> **Assigned task**:
Produce an exact copy of all records below.
Start of Block
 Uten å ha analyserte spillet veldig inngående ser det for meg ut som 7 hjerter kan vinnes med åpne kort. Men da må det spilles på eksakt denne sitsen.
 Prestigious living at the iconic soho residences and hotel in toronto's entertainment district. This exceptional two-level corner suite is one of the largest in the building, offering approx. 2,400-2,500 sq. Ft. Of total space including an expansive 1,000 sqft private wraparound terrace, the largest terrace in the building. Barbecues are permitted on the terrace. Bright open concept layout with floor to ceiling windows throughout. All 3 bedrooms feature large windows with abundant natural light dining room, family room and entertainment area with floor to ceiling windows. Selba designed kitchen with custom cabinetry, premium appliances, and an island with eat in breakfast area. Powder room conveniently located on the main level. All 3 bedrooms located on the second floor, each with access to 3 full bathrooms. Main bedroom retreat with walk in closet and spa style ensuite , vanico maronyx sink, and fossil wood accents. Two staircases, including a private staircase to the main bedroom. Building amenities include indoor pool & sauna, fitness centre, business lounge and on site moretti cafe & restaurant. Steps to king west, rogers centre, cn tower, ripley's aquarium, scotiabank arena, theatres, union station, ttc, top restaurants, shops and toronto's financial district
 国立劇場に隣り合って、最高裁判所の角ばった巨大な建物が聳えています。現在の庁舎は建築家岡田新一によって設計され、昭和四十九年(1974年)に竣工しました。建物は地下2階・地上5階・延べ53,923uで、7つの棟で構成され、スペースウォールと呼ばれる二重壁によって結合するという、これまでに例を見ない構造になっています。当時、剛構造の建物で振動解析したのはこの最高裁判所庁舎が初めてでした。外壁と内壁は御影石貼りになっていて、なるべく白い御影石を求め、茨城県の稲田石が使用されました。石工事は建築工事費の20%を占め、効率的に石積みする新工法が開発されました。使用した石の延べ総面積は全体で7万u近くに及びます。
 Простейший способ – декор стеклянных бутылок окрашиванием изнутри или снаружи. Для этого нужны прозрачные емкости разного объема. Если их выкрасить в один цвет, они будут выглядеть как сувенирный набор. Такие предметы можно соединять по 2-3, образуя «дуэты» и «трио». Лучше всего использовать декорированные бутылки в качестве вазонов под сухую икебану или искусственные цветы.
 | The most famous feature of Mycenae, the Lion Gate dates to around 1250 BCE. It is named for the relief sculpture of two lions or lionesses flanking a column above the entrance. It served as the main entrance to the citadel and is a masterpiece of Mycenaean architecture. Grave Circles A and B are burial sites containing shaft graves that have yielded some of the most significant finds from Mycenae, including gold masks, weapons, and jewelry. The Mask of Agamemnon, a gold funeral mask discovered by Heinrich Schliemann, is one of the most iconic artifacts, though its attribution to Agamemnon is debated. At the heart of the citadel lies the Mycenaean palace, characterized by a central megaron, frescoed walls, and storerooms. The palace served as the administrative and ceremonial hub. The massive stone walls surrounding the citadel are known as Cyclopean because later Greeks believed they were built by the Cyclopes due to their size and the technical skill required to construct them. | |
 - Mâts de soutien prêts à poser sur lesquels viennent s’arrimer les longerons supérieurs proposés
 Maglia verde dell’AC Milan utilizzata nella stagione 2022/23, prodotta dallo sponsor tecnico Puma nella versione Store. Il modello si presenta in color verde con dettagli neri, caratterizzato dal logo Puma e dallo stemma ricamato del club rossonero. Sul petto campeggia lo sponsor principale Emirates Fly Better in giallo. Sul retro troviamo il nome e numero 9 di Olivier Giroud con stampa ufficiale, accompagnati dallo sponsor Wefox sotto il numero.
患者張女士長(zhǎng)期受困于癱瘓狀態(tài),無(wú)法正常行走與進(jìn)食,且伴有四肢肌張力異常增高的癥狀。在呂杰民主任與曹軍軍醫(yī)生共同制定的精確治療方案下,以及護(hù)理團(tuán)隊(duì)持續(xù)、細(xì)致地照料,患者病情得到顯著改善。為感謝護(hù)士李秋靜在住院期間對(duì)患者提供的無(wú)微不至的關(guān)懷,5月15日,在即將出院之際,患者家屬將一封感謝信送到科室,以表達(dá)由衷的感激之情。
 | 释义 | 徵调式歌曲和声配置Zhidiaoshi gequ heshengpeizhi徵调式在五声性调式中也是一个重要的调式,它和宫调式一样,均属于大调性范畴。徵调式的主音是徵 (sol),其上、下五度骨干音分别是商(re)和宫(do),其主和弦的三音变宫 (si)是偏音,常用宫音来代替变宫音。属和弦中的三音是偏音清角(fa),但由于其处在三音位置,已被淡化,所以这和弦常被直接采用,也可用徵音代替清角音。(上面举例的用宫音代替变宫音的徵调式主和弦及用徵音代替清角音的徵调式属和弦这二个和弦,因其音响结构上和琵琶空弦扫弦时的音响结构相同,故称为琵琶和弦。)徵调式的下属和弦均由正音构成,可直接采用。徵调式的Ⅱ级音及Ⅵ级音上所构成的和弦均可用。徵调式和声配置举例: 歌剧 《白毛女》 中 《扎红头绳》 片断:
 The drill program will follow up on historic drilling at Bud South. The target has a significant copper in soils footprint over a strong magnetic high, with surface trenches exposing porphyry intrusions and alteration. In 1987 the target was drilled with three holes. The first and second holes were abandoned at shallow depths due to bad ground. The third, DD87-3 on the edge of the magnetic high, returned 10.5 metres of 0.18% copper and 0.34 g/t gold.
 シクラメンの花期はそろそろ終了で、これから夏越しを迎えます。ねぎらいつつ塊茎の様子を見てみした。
End of Block
> **Reply**:
 Uten å ha analyserte spillet veldig inngående ser det for meg ut som 7 hjerter kan vinnes med åpne kort. Men da må det spilles på eksakt denne sitsen.
 Prestigious living at the iconic soho residences and hotel in toronto's entertainment district. This exceptional two-level corner suite is one of the largest in the building, offering approx. 2,400-2,500 sq. Ft. Of total space including an expansive 1,000 sqft private wraparound terrace, the largest terrace in the building. Barbecues are permitted on the terrace. Bright open concept layout with floor to ceiling windows throughout. All 3 bedrooms feature large windows with abundant natural light dining room, family room and entertainment area with floor to ceiling windows. Selba designed kitchen with custom cabinetry, premium appliances, and an island with eat in breakfast area. Powder room conveniently located on the main level. All 3 bedrooms located on the second floor, each with access to 3 full bathrooms. Main bedroom retreat with walk in closet and spa style ensuite , vanico maronyx sink, and fossil wood accents. Two staircases, including a private staircase to the main bedroom. Building amenities include indoor pool & sauna, fitness centre, business lounge and on site moretti cafe & restaurant. Steps to king west, rogers centre, cn tower, ripley's aquarium, scotiabank arena, theatres, union station, ttc, top restaurants, shops and toronto's financial district
 国立劇場に隣り合って、最高裁判所の角ばった巨大な建物が聳えています。現在の庁舎は建築家岡田新一によって設計され、昭和四十九年(1974年)に竣工しました。建物は地下2階・地上5階・延べ53,923uで、7つの棟で構成され、スペースウォールと呼ばれる二重壁によって結合するという、これまでに例を見ない構造になっています。当時、剛構造の建物で振動解析したのはこの最高裁判所庁舎が初めてでした。外壁と内壁は御影石貼りになっていて、なるべく白い御影石を求め、茨城県の稲田石が使用されました。石工事は建築工事費の20%を占め、効率的に石積みする新工法が開発されました。使用した石の延べ総面積は全体で7万u近くに及びます。
 Простейший способ – декор стеклянных бутылок окрашиванием изнутри или снаружи. Для этого нужны прозрачные емкости разного объема. Если их выкрасить в один цвет, они будут выглядеть как сувенирный набор. Такие предметы можно соединять по 2-3, образуя «дуэты» и «трио». Лучше всего использовать декорированные бутылки в качестве вазонов под сухую икебану или искусственные цветы.
 | The most famous feature of Mycenae, the Lion Gate dates to around 1250 BCE. It is named for the relief sculpture of two lions or lionesses flanking a column above the entrance. It served as the main entrance to the citadel and is a masterpiece of Mycenaean architecture. Grave Circles A and B are burial sites containing shaft graves that have yielded some of the most significant finds from Mycenae, including gold masks, weapons, and jewelry. The Mask of Agamemnon, a gold funeral mask discovered by Heinrich Schliemann, is one of the most iconic artifacts, though its attribution to Agamemnon is debated. At the heart of the citadel lies the Mycenaean palace, characterized by a central megaron, frescoed walls, and storerooms. The palace served as the administrative and ceremonial hub. The massive stone walls surrounding the citadel are known as Cyclopean because later Greeks believed they were built by the Cyclopes due to their size and the technical skill required to construct them. | |
 - Mâts de soutien prêts à poser sur lesquels viennent s’arrimer les longerons supérieurs proposés
 Maglia verde dell’AC Milan utilizzata nella stagione 2022/23, prodotta dallo sponsor tecnico Puma nella versione Store. Il modello si presenta in color verde con dettagli neri, caratterizzato dal logo Puma e dallo stemma ricamato del club rossonero. Sul petto campeggia lo sponsor principale Emirates Fly Better in giallo. Sul retro troviamo il nome e numero 9 di Olivier Giroud con stampa ufficiale, accompagnati dallo sponsor Wefox sotto il numero.
患者張女士長(zhǎng)期受困于癱瘓狀態(tài),無(wú)法正常行走與進(jìn)食,且伴有四肢肌張力異常增高的癥狀。在呂杰民主任與曹軍軍醫(yī)生共同制定的精確治療方案下,以及護(hù)理團(tuán)隊(duì)持續(xù)、細(xì)致地照料,患者病情得到顯著改善。為感謝護(hù)士李秋靜在住院期間對(duì)患者提供的無(wú)微不至的關(guān)懷,5月15日,在即將出院之際,患者家屬將一封感謝信送到科室,以表達(dá)由衷的感激之情。
 | 释义 | 徵调式歌曲和声配置Zhidiaoshi gequ heshengpeizhi徵调式在五声性调式中也是一个重要的调式,它和宫调式一样,均属于大调性范畴。徵调式的主音是徵 (sol),其上、下五度骨干音分别是商(re)和宫(do),其主和弦的三音变宫 (si)是偏音,常用宫音来代替变宫音。属和弦中的三音是偏音清角(fa),但由于其处在三音位置,已被淡化,所以这和弦常被直接采用,也可用徵音代替清角音。(上面举例的用宫音代替变宫音的徵调式主和弦及用徵音代替清角音的徵调式属和弦这二个和弦,因其音响结构上和琵琶空弦扫弦时的音响结构相同,故称为琵琶和弦。)徵调式的下属和弦均由正音构成,可直接采用。徵调式的Ⅱ级音及Ⅵ级音上所构成的和弦均可用。徵调式和声配置举例: 歌剧 《白毛女》 中 《扎红头绳》 片断:
 The drill program will follow up on historic drilling at Bud South. The target has a significant copper in soils footprint over a strong magnetic high, with surface trenches exposing porphyry intrusions and alteration. In 1987 the target was drilled with three holes. The first and second holes were abandoned at shallow depths due to bad ground. The third, DD87-3 on the edge of the magnetic high, returned 10.5 metres of 0.18% copper and 0.34 g/t gold.
 シクラメンの花期はそろそろ終了で、これから夏越しを迎えます。ねぎらいつつ塊茎の様子を見てみした。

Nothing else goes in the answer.